In the beginning—specifically on October 23, 4004 B.C., at noon—out of quantum foam fluctuation God created the Big Bang, followed by cosmological inflation and an expanding universe. And darkness was upon the face of the deep, so He commanded hydrogen atoms (which He created from Quarks) to fuse and become helium atoms and in the process release energy in the form of light. And the light maker he called the sun, and the process He called fusion. And He saw the light was good because now He could see what he was doing, so he created Earth. And the evening and the morning were the first day.

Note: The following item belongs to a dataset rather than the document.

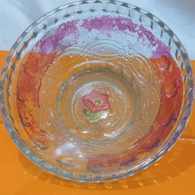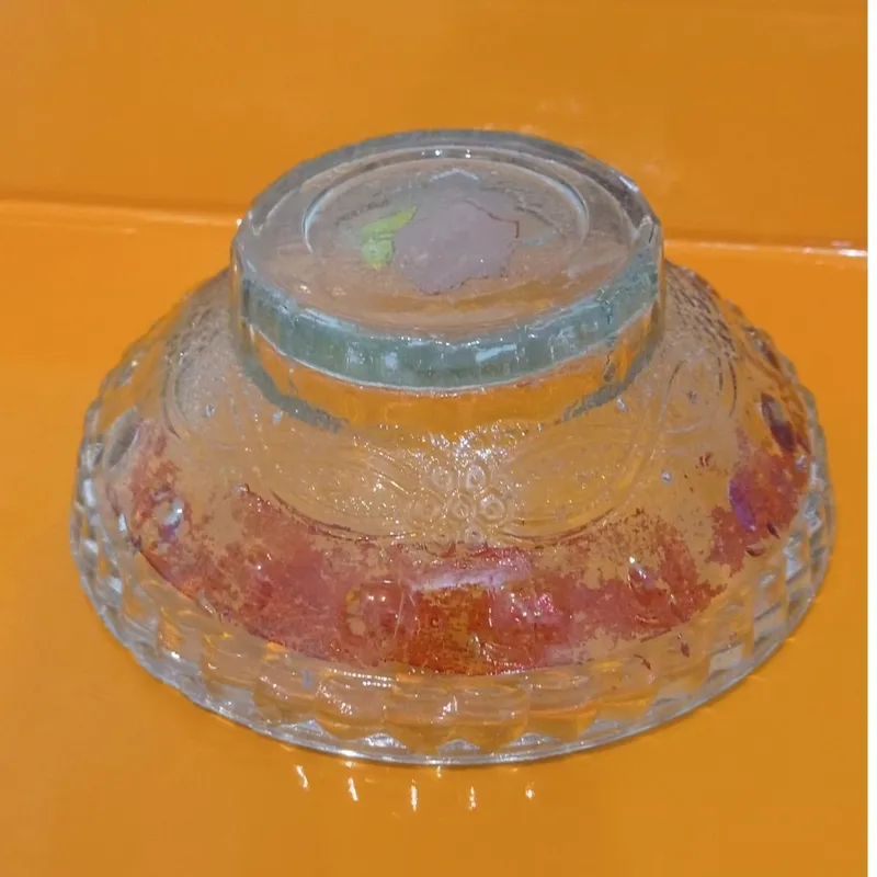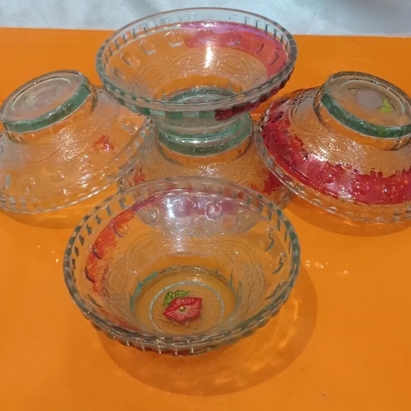 نوار قرمز دور پیاله کمرنگ شده است ، تعداد پنج عدد ، قطر بزرگ 13 سانت ، قطر کوچک 6/5 سانت

And God said, Let there be lots of fusion light makers in the sky. Some of these fusion makers He grouped into collections He called galaxies, and these appeared to be millions and even billions of light years from Earth, which would mean that they were created before the first creation in 4004 B.C. This was confusing, so God created tired light, and the creation story was preserved. And created He many wondrous splendors such as Red Giants, White Dwarfs, Quasars, Pulsars, Supernova, Worm Holes, and even Black Holes out of which nothing can escape. But since God cannot be constrained by nothing, He created Hawking radiation through which information can escape from Black Holes. This made God even more tired than tired light, and the evening and the morning were the second day.

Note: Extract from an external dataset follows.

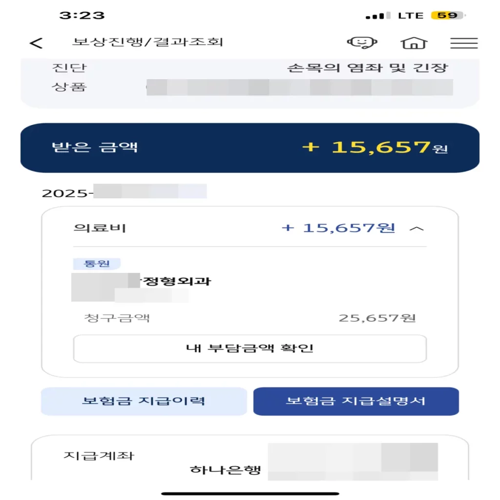 염좌의 경우 의료보험이 적용돼서 실비 보험을 청구할 수 있었어요. 보조기 비용에도 적용됩니다. 총치료비용은 25,657원 발생했고요.

And God said, Let the waters under the heavens be gathered together unto one place, and let the continents drift apart by plate tectonics. He decreed sea floor spreading would create zones of emergence, and He caused subduction zones to build mountains and cause earthquakes. In weak points in the crust God created volcanic islands, where the next day He would place organisms that were similar to but different from their relatives on the continents, so that still later created creatures called humans would mistake them for evolved descendants created by adaptive radiation. And the evening and the morning were the third day.